There was no answer. “Shit,” Gabriella muttered as she passed Room Two-Nineteen.
“If she wasn’t trapped here by outside forces, then she wouldn’t degrade like the ghost at the Jarvis Street School,” she said to herself and anyone else who might be listening, maybe even Sarah Morgan herself. “It was the imprisonment that did that last time. But what if…what if she loved and hated her life in equal measure? What if she was so attached to it that she wasn’t going to let go? But she also couldn’t let it go, even if she wanted to. So she stays and stews and resents and hates. And all of that stayed here too, long after Herbert’s death, along with the love. She couldn’t let go of her love for this hotel and her life that revolved around it completely, so she couldn’t let go of the anger either. That’s what’s trapping her here, nothing outside of her. This time bend, this fucking, stupid…” Gabriella let out a slow breath as she looked at the endless line of rooms ahead of her. “It has to be a manifestation of that. If we can help her let go, then she can move on and the activity will stop.”
Hopefully this was recording to Bradley’s computer, even if he couldn’t hear her. She was going to need to remember it all when she got out of this time bend and they could actually make a plan. Gabriella passed Two-Nineteen for a second time, the stained glass windows on the other side of the wall showing only darkness outside. It was late, probably coming up to eleven where time actually had meaning. If they decided what to do around midnight, maybe they could even get it done tonight after all.
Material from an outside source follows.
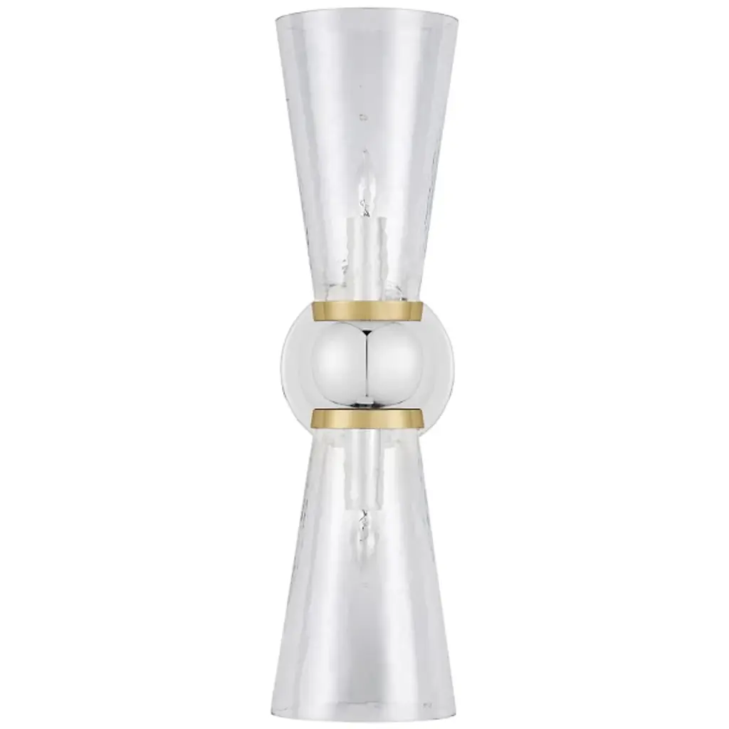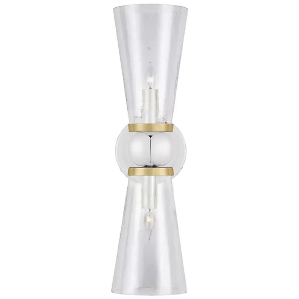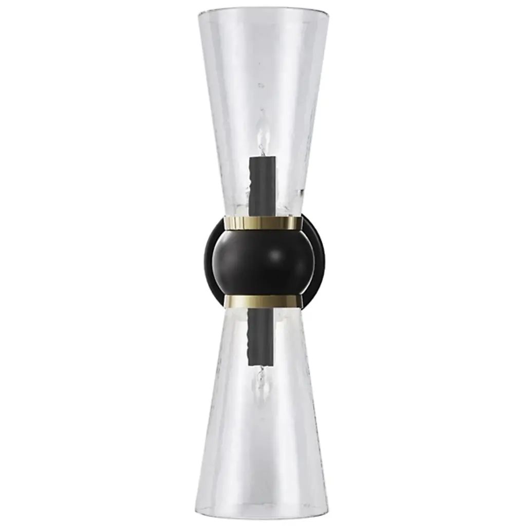 The Byford Bath Wall Sconce from Currey & Company pairs conical glass diffusers with precise metalwork. The hammered glass cones spread light evenly across bathroom spaces while adding subtle texture to the illumination. A spherical brass connector joins the two cones, creating a balanced composition around the central mounting plate. This lighting solution suits both vanity areas and powder rooms, offering practical brightness with polished details. The combination of materials delivers both function and refinement to bathroom lighting needs.

Something flew out of an open doorway, narrowly missing her head. It shattered against the wall. “Sarah!” Gabriella exclaimed.
“Gabriella?”
It was Graham again. “Graham, can you see me on the screen?” she asked.
“I’m stuck in traffic,” he replied. “You’re coming through on my comm, I still have it turned on. I should be at the house any minute, but there’s a water main break and they’re redirecting us. And there’s so much traffic for this late at night.”
Two-Fourteen. Two-Thirteen.
The chill that came over Gabriella had her scrambling for her holy water. The brooch pinned to her baggy t-shirt provided some protection, but the fury here felt like it could just melt the jewelry right off of her chest.
The darkened window beside her exploded, glass shards flying out at her just as she turned to pull the small vial out of her pocket. As Gabriella looked up to see what was happening, a searing pain shot across her cheekbone, down toward her mouth. And this time, the hot blood that began pouring from the wound was very real.